• Welcome to the new COTI server. We've moved the Citizens to a new server. Please let us know in the COTI Website issue forum if you find any problems.
  • We, the systems administration staff, apologize for this unexpected outage of the boards. We have resolved the root cause of the problem and there should be no further disruptions.

Growing older and RPG violence

Absolutely! I've definately grown less and less comfortable with violence in gaming as the years have passed (I'm 38 today!).

Time was when it was all about the kewl weapons and torturing and killing. We were the good guys and they were the bad guys, afterall.

I think a lot of it lies in the fact that the greyness of the real world has infected my fantasy worlds. I can't think of antagonists as simply 'badguys' anymore. They are people with families and friends and lives of their own. They were once someone's little boy or girl and even if they are the most hateful, evil, malicious scumbag I'm still not convinced killing or torturing them is the way forward.

I even feel pangs of pity for non-sentient creatures and beasts. They're only doing what they do to survive.

Nowhere was this brought home to me more clearly than when I participated in a Traveller game via GRiP a few years back. We'd quashed an attempt to board our ship by 'bad guys' disguised as system security. We had a bunch of them subdued in the hold and then, without warning one of the other players started spacing them one by one - or at least he tried to. I was so horrified by the utterly cold, dispassionate way that the other character (and ultimately the character's player) reacted to human life I challenged him, and it ended in a mexican standoff broken by the Captain who ruled in my favour.

It was all done in character and in good nature (that is to say there was no animosity between myself and the other player) but it made me realise that my attitude towards violence in roleplaying had changed.

Crow
 
I'll have to go the opposite way from Scarecrow - in games is the only place I get to do black & white vs shades of gray. Bad guys (well, the important ones at the top, anyway) are truly evil, aren't interested in redemption, and will only take any opportunities you give them to kill you or escape. I live in the RW, I don't necessarily want to play in it.
 
I don't know if it is age.

Different settings imply different responses. So do different characters.
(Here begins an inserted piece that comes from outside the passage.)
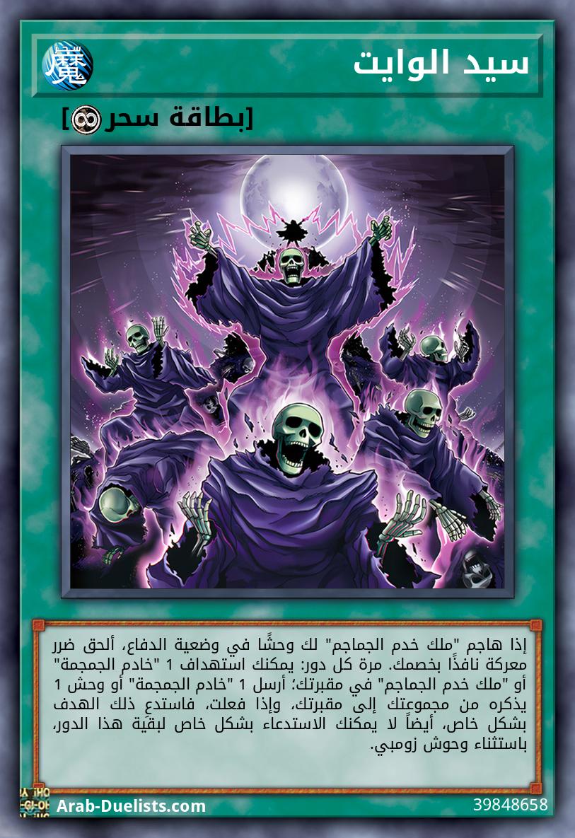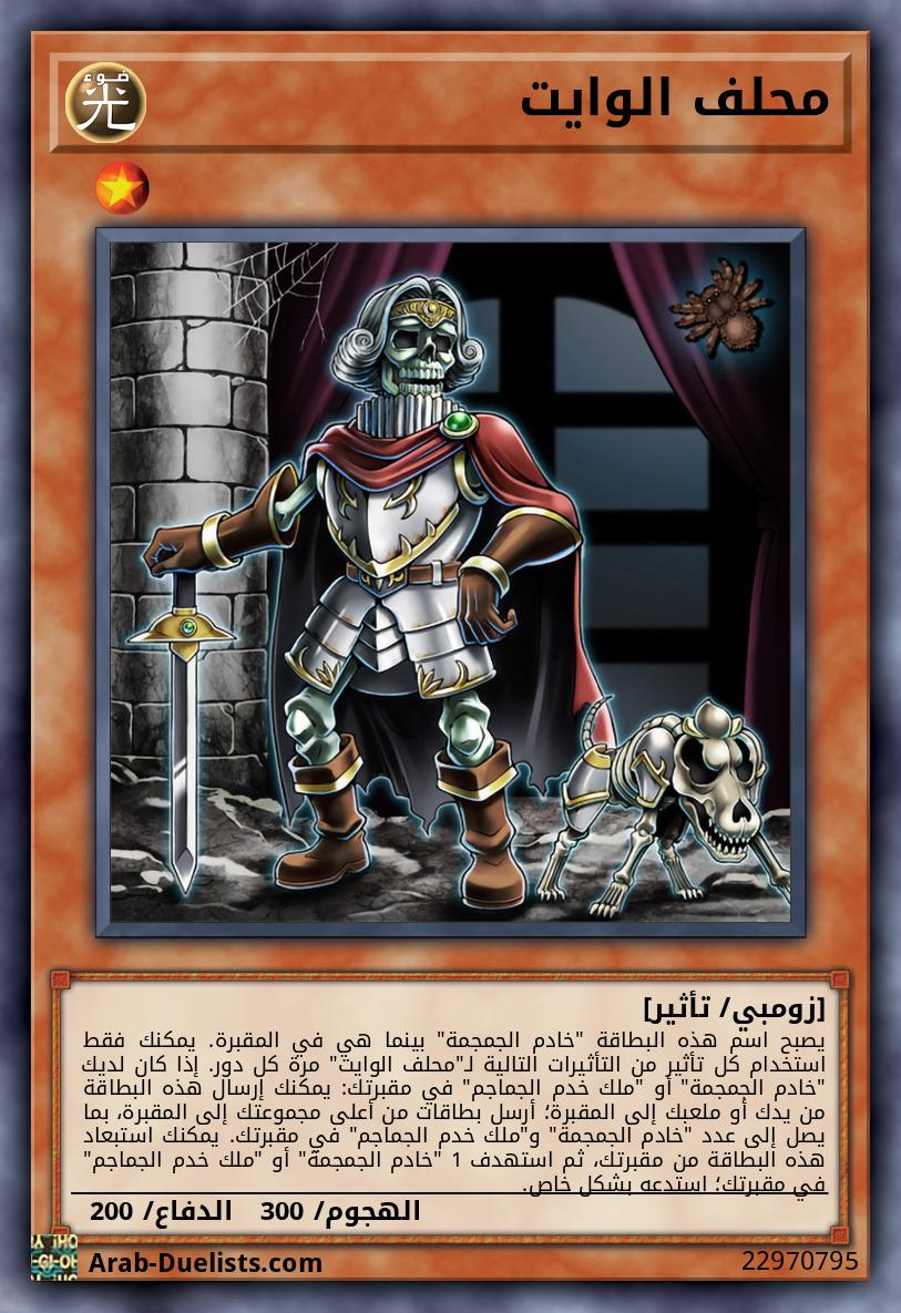 يصبح اسم هذه البطاقة "خادم الجمجمة" بينما هي في المقبرة. يمكنك فقط استخدام كل تأثير من التأثيرات التالية لـ"محلف الوايت" مرة كل دور. إذا كان لديك "خادم الجمجمة" أو "ملك خدم الجماجم" في مقبرتك: يمكنك إرسال هذه البطاقة من يدك أو ملعبك إلى المقبرة؛ أرسل بطاقات من أعلى مجموعتك إلى المقبرة، بما يصل إلى عدد "خادم الجمجمة" و"ملك خدم الجماجم" في مقبرتك. يمكنك استبعاد هذه البطاقة من مقبرتك، ثم استهدف 1 "خادم الجمجمة" أو "ملك خدم الجماجم" في مقبرتك؛ استدعه بشكل خاص.

What is fun in a pseudo-pre-medieval setting isn't the same things as in a modern day game.

As I age I have noticed a tendency to more sedate settings, partly because the brute analysis of archetype build effectiveness does get a little boring.

yes, I've played games like Rifts and if your character isn't covered in weapons and armor and has 20 psionic abilities, you're in trouble, because you'll probably be facing 20 or 30 opponents over the course of an adventure that do have something similar.
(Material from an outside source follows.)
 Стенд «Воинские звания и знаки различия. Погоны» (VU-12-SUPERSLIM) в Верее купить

Reading "Listen Up You Primitive Screwheads!!!" for Cyberpunk 2020 mentioned that Traveller at one point vied for the top spot among games with characters sporting the most weapons. p51. It goes on to mention how CP2020 and Twilight 2000 begin to eclipse that mythical title, but a para or two later counsels that a lot of armanent isn't really necessary and how toting around too much of it attracts unwanted attention. Which I believe is counseling the GMs towards minimizing combat at the drop of a hat.
 
But I/m 45 now, and my female Aslan's favorite personal weapon is still a RAM-grenade launcher... and I have just found this: the PAW-20!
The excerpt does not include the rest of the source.